Panama Canal expansion will allow transit of larger ships with greater volumes

Published Sep 22, 2014
Panama Canal expansion

Ships carrying crude oil and petroleum products are limited by size restrictions imposed by several of the main thoroughfares of maritime navigation: the Panama Canal, the Suez Canal, and the Strait of Malacca. These size restrictions provide another way to classify the large tankers that carry most of global crude oil and petroleum product trade.

The Panama Canal, an important route connecting the Pacific Ocean to the Caribbean Sea and the Atlantic Ocean, currently has a limited role in global crude and petroleum product transport. The canal's current size restrictions means smaller vessels, with capacities of approximately 400,000-550,000 barrels of light sweet crude oil, are the only ships that can safely pass through the canal. These ships are referred to as Panamax tankers, and their smaller cargos lead to a higher per-barrel cost.

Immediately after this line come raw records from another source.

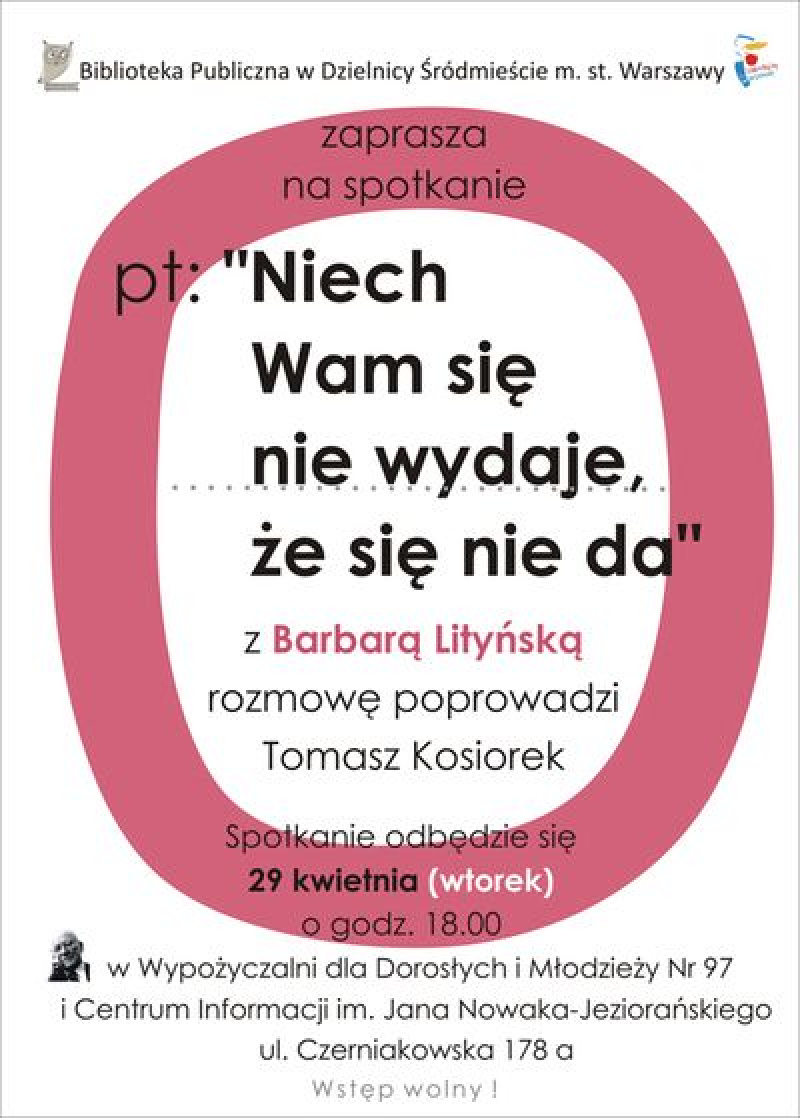 Rozmowę z Barbarą Lityńską poprowadzi Tomasz Kosiorek.
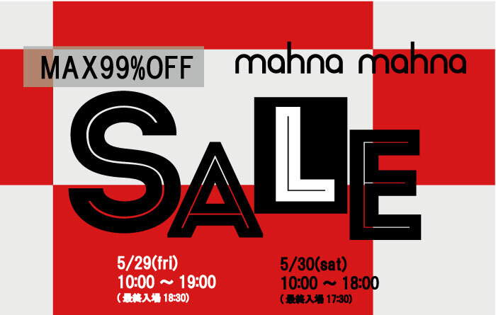 【マナマナ】5/29・30の2日間ー最大99%OFF!!のスペシャルブランドセール開催
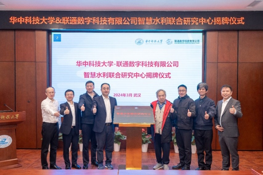 张勇传院士、于俊清副校长、联通数科魏春城高级副总裁、杨海明首席技术官、重大项目交付部唐菁总经理、中国联通生态环境服务部成湘龙总监、中心刘懿主任共同为智慧水利联合研究中心进行揭牌。
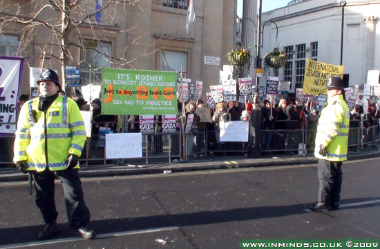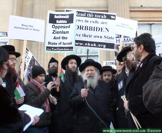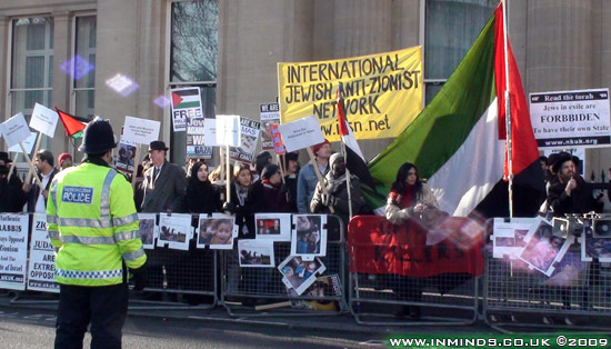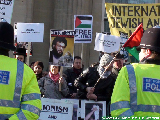 This celebration of genocide couldn't go unchallenged, the Islamic Human Rights Commission (www.ihrc.org) organised a counter-demo to oppose it. The diversity of the turnout was a true indication of the opposition to zionism. There were Muslims, Christians, socialists, and other pro-justice groups. The largest group opposing the zionist rally, however, were Jews. These included the rabbis from the Neturei Karta (www.nkuk.org), the International Jewish Anti-Zionist Network (www.ijsn.net), Independent Jewish Voices, Jews for Boycotting Israeli Goods, and Jews for Justice for Palestinians.
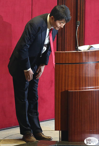 4일 오후, 국회 본회의장에서 열린 통진당 이석기 의원에 대한 체포동의안 표결 직전, 이 의원이 신상발언을 앞두고 인사하고 있다.
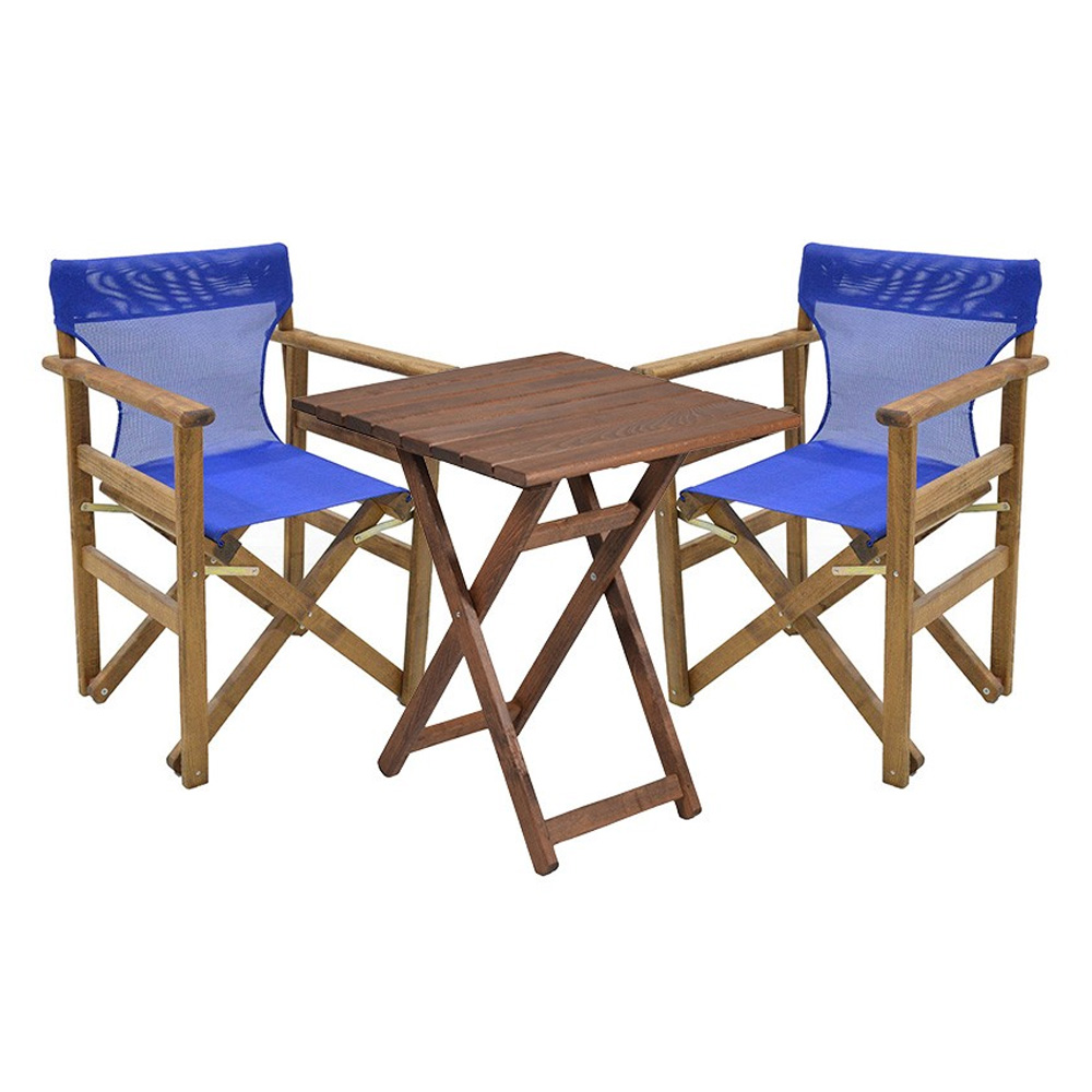Τραπεζαρία κήπου Retto σετ 3τμχ μασίφ ξύλο οξιάς καρυδί-πανί μπλε 60x60x71εκ
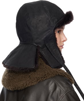 Rib knit acrylic- and alpaca-blend hood in black.
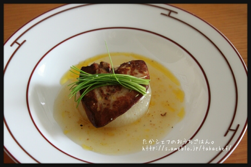 たかシェフは、これにコンソメゼリー?スープを下に注いで2層のスープにしたかったみたい。

However, the Panama Canal is undergoing an expansion that will allow for the passage of larger vessels with capacities of approximately 400,000-680,000 barrels of crude oil. These larger tankers have the potential to increase crude and petroleum product transport through the canal. Larger vessels or vessels that are slightly over the draft limit can use the Trans Panama Pipeline, which runs parallel to the canal and has both the loading and unloading points for a complete transfer, but doing so adds to shipment costs. In addition to oil transit, the expansion of the Panama Canal, now slated for late 2015, will be able to provide passage for up to 80% of global shipping of liquefied natural gas (LNG). It currently allows passage of only a small percentage of LNG shipping and only shipping by the smallest of LNG tankers.